How Apple Watch will create new winners and losers in the wearables ecosystem

How Apple Watch will create new winners and losers in the wearables ecosystem

Apple released news about their new Apple Watch today and overall I have to say I’m fairly impressed.

In the smart watch category, there are a couple of key things that have to be handled in order to secure a large total addressable market and these have been major failings of every other entrant.

  1. watch designs are personal
  2. watches need different watch face sizes
  3. they get used in all environments from fancy to sweaty
  4. they have a long history that you can’t ignore

Apple managed to navigate the first four of those points by building 6 different cases, 2 different face sizes, 6 watch bands (12 if you consider the two sizes) and then a plethora of watch faces.
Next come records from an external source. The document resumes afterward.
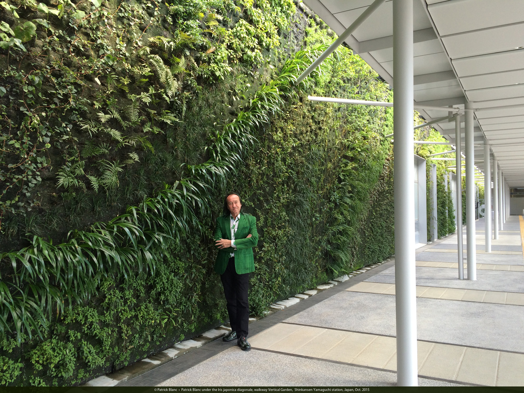 Patrick Blanc under the Iris japonica diagonale, walkway Vertical Garden, Shinkansen Yamaguchi station, Japan, Oct. 2015
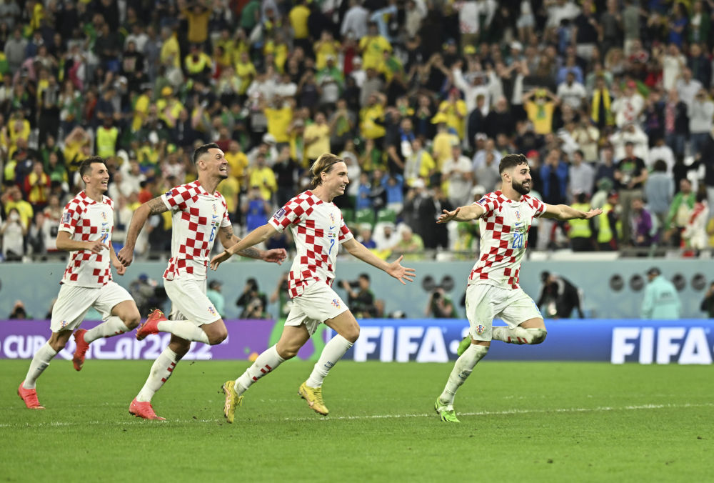 佩特科维奇第117分钟的进球帮助克罗地亚队以1:1扳平比分,继16强赛淘汰日本队后,克罗地亚人连续第二场面对加时赛和点球大战。为克罗地亚立功的又是门将利瓦科维奇,他在点球大战第一轮扑出了罗德里戈的射门,随着巴西队马尔基尼奥斯在第四轮点球中柱弹出,克罗地亚队以4:2的点球比分获胜。
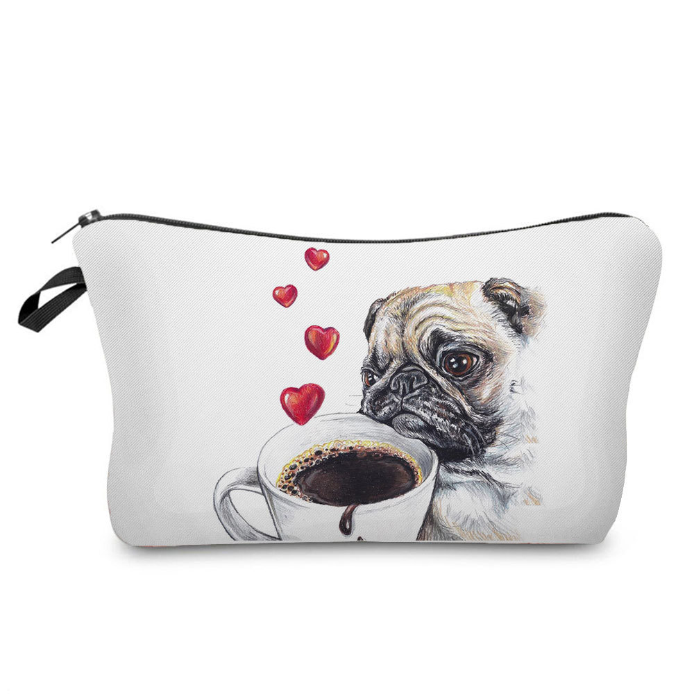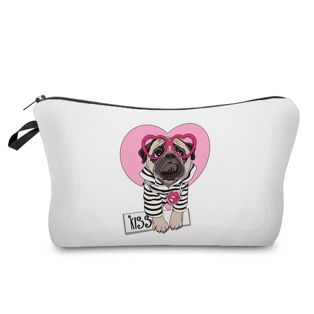 간단한 만화 퍼그 인쇄 보관 가방 여행 휴대용 화장품 가방 작은 인터넷 인기있는 세탁 가방

While this could get out of control from a supply chain perspective, they constrained that problem set by clustering. For example, the sport bands clustered with the high durability aluminum cases that have the hardened alumina-silicate crystal. The net result? Watches for any person of any size or any sex that make them feel “unique”. This is a massive supply chain issue that only a major watch supplier….or Apple with its core competence…could have orchestrated.

All of the above helps Apple do one key thing: increase their total addressable market. When they can sell to anybody, any sex, with any suitable fashion combo, now they can aim at all segments at once. While this is the kiss of death for an undercapitalized company, this is the right play for a company with as much cash on hand as Apple has. This is a land grab to all customers of all ages and as many segments as they can reach in as many countries as they can get to. Segment-wise this means everything on the spectrum that is in green (although they’ll miss a small chunk at the extreme end).

  • X Hospital grade medical
  • √ Consumer Medical
  • √ Lifestylers / Move Mores
  • √ Couch to 5K crowd
  • √ Beginner to advanced runners, cyclists, and other non-water sport athletes
  • X Triathletes and other water-sport athletes
  • X Industrial athletes
  • X Adventure Athletes / Backcountry athletes / Ultrarunners
  • X Military Athletes

Admittedly I’m making an assumption here about the waterproofness of the watch. Waterproofing devices like this is very very hard and very expensive. It automatically adds another $50-100 to the watch retail price. My bet is IPX7, although Apple has not divulged anything. They did mention a “water-resistant” speaker which doesn’t bode well. It may not even manage to hit IPX7 which would be a shame.

So where does it fit into the ecosystem and what does it potentially threaten (or augment?). I’ve overlaid the iPhone 6 / Apple Watch / Apple Fitness App / Apple Workout App on top of my market map to show where it plays. Essentially it overlaps the existing (vast) Apple fitness application ecosystem but I think it augments them more than threatens them. It also basically wipes out the dedicated 3d accelerometer trackers like Nike Fuel Band. And so now we finally see why Nike killed that piece of hardware. They obviously had advance notice of what was in the pipeline from their long-standing partnership with Apple in the fitness space.  So we have:

  • Winners: fitness app users who get a great piece of hardware to extend their app to.
  • Losers: Fitbit, Jawbone, Garmin, Polar, Timex, Casio, Pebble.
Wearable Device Market Map 5.0

Wearable Device Market Map 5.0

I for one can’t to get my hands on one to test and beat up. As soon as I do I’ll put it through the usual stress tests and let everybody know what I think about its durability.